You can then use this reader like this:

>>> fgread.load_data("my_dataset", additional_readers={"fg": my_loader})

Readers for supported formats

fgread.readers.read_10xhdf5_to_anndata(ds_file: pathlib.Path)[source]

Reads a dataset in the 10x hdf5 format into the AnnData format.

fgread.readers.read_10xmtx_to_anndata(ds_file: pathlib.Path)[source]

Reads a dataset in the 10x mtx format into the AnnData format.

fgread.readers.read_anndata_to_anndata(ds_file: pathlib.Path)[source]

Reads a dataset in the AnnData format into the AnnData format.

fgread.readers.read_densecsv_to_anndata(ds_file: pathlib.Path)[source]

Reads a dense text file in csv format into the AnnData format.

fgread.readers.read_densemat_to_anndata(ds_file: pathlib.Path, sep=None)[source]

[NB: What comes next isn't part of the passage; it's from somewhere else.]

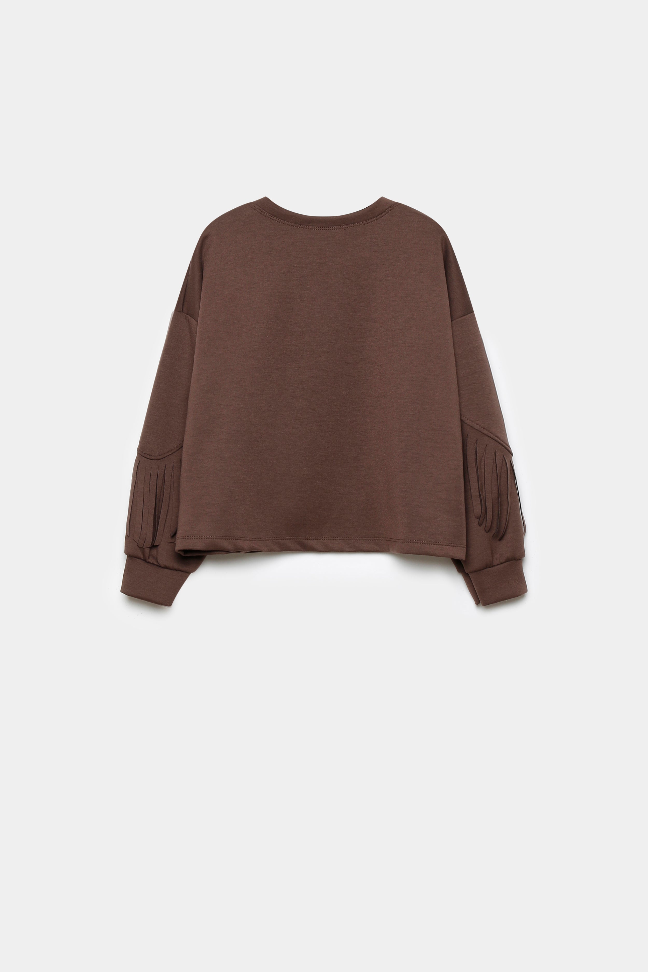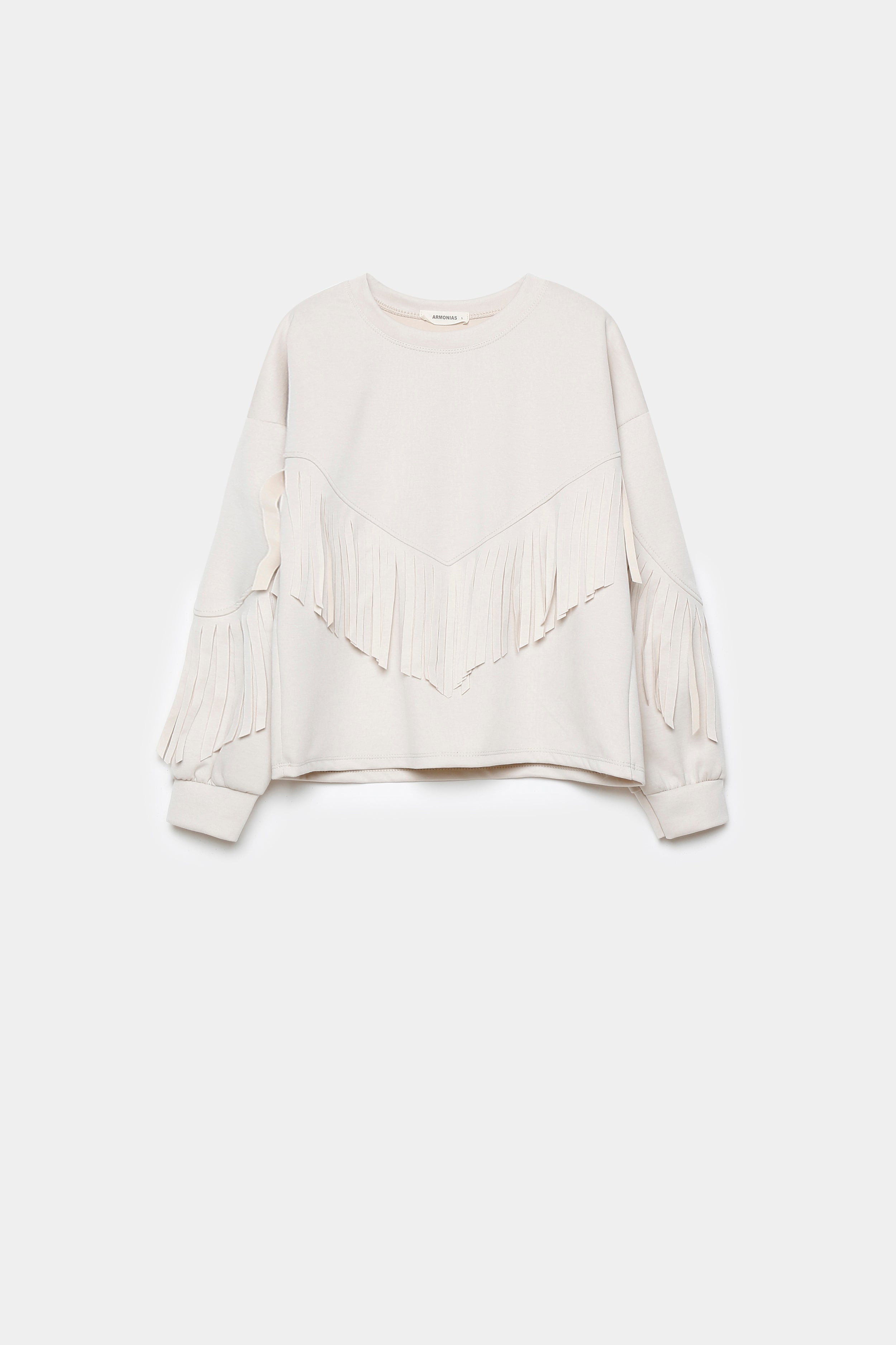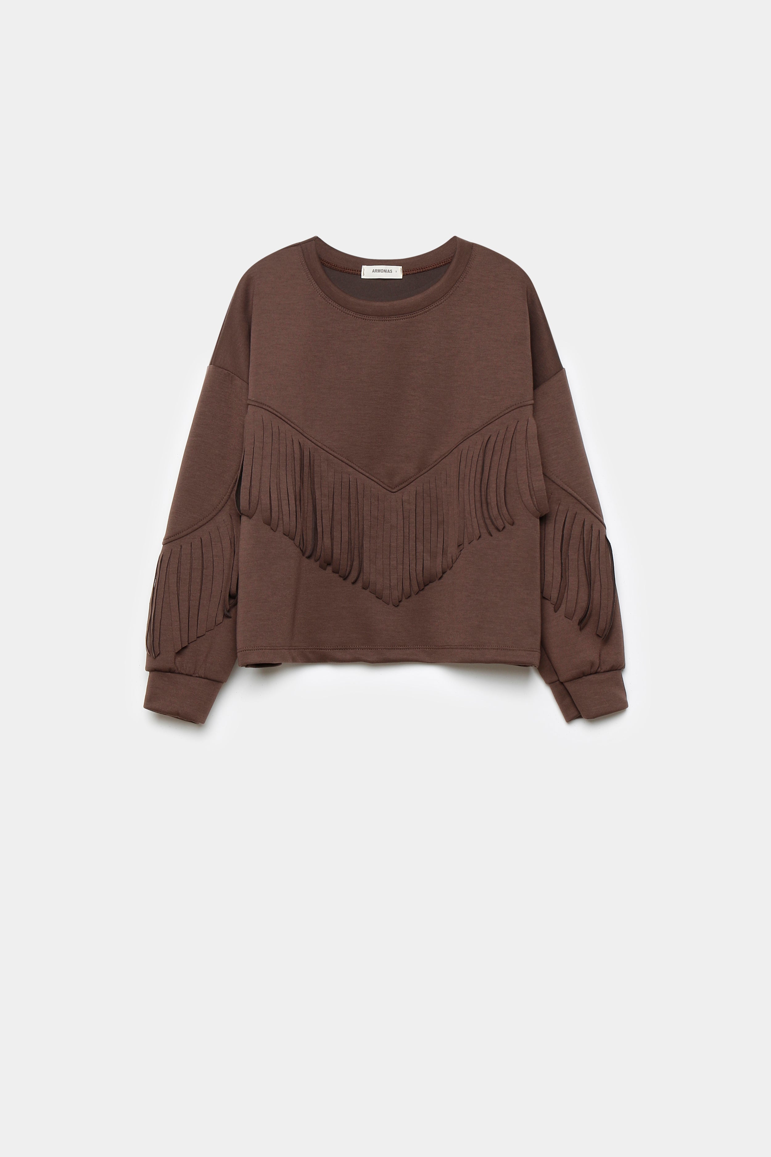 Tejido estilo felpa. Cuello redondo. Manga larga. Detalle de flecos.

Helper function to read dense text files in tsv and csv format. The separator (tab or comma) is passed by the corresponding function.

fgread.readers.read_densetsv_to_anndata(ds_file: pathlib.Path)[source]

Reads a dense text file in tsv format into the AnnData format.

fgread.readers.read_loom_to_anndata(ds_file: pathlib.Path)[source]

Reads a dataset in the loom format into the AnnData format.

fgread.readers.read_seurat_to_anndata(ds_file: pathlib.Path)[source]

Reads a dataset in the Seurat format into the AnnData format (not implemented).